Given data:
_____

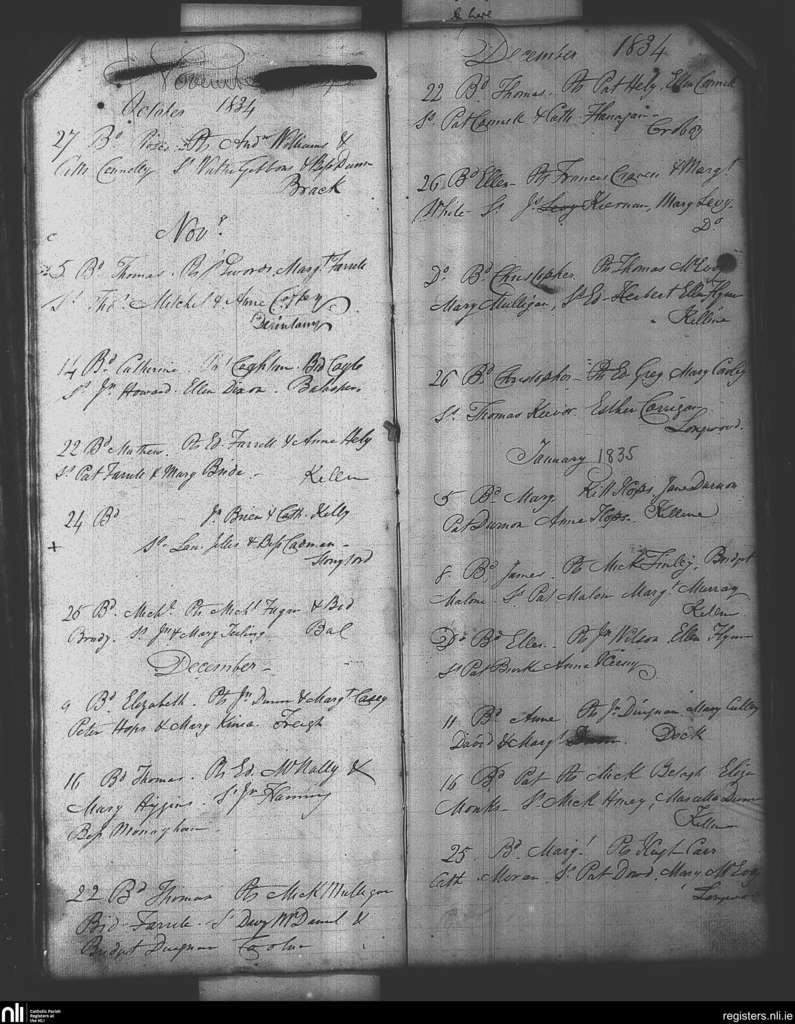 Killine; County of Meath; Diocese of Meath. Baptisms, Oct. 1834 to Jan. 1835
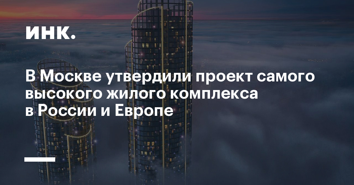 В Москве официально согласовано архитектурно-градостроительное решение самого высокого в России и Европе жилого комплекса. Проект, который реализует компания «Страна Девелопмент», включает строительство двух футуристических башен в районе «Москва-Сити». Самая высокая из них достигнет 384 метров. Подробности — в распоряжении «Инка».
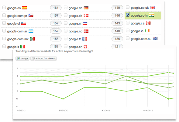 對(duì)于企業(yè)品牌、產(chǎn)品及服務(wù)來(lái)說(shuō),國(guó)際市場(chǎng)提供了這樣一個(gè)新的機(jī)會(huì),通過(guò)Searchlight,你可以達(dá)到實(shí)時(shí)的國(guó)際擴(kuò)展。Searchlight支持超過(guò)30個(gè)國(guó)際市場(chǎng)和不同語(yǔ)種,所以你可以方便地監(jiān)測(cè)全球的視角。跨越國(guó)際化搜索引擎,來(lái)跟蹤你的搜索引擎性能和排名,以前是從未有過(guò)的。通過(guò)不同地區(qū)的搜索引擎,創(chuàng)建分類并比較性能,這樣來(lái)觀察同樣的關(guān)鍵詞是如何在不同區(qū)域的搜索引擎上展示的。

_____

Your answer should copy the listing word for word, with no pictures in it.

 Killine; County of Meath; Diocese of Meath. Baptisms, Oct. 1834 to Jan. 1835
 В Москве официально согласовано архитектурно-градостроительное решение самого высокого в России и Европе жилого комплекса. Проект, который реализует компания «Страна Девелопмент», включает строительство двух футуристических башен в районе «Москва-Сити». Самая высокая из них достигнет 384 метров. Подробности — в распоряжении «Инка».
 對(duì)于企業(yè)品牌、產(chǎn)品及服務(wù)來(lái)說(shuō),國(guó)際市場(chǎng)提供了這樣一個(gè)新的機(jī)會(huì),通過(guò)Searchlight,你可以達(dá)到實(shí)時(shí)的國(guó)際擴(kuò)展。Searchlight支持超過(guò)30個(gè)國(guó)際市場(chǎng)和不同語(yǔ)種,所以你可以方便地監(jiān)測(cè)全球的視角。跨越國(guó)際化搜索引擎,來(lái)跟蹤你的搜索引擎性能和排名,以前是從未有過(guò)的。通過(guò)不同地區(qū)的搜索引擎,創(chuàng)建分類并比較性能,這樣來(lái)觀察同樣的關(guān)鍵詞是如何在不同區(qū)域的搜索引擎上展示的。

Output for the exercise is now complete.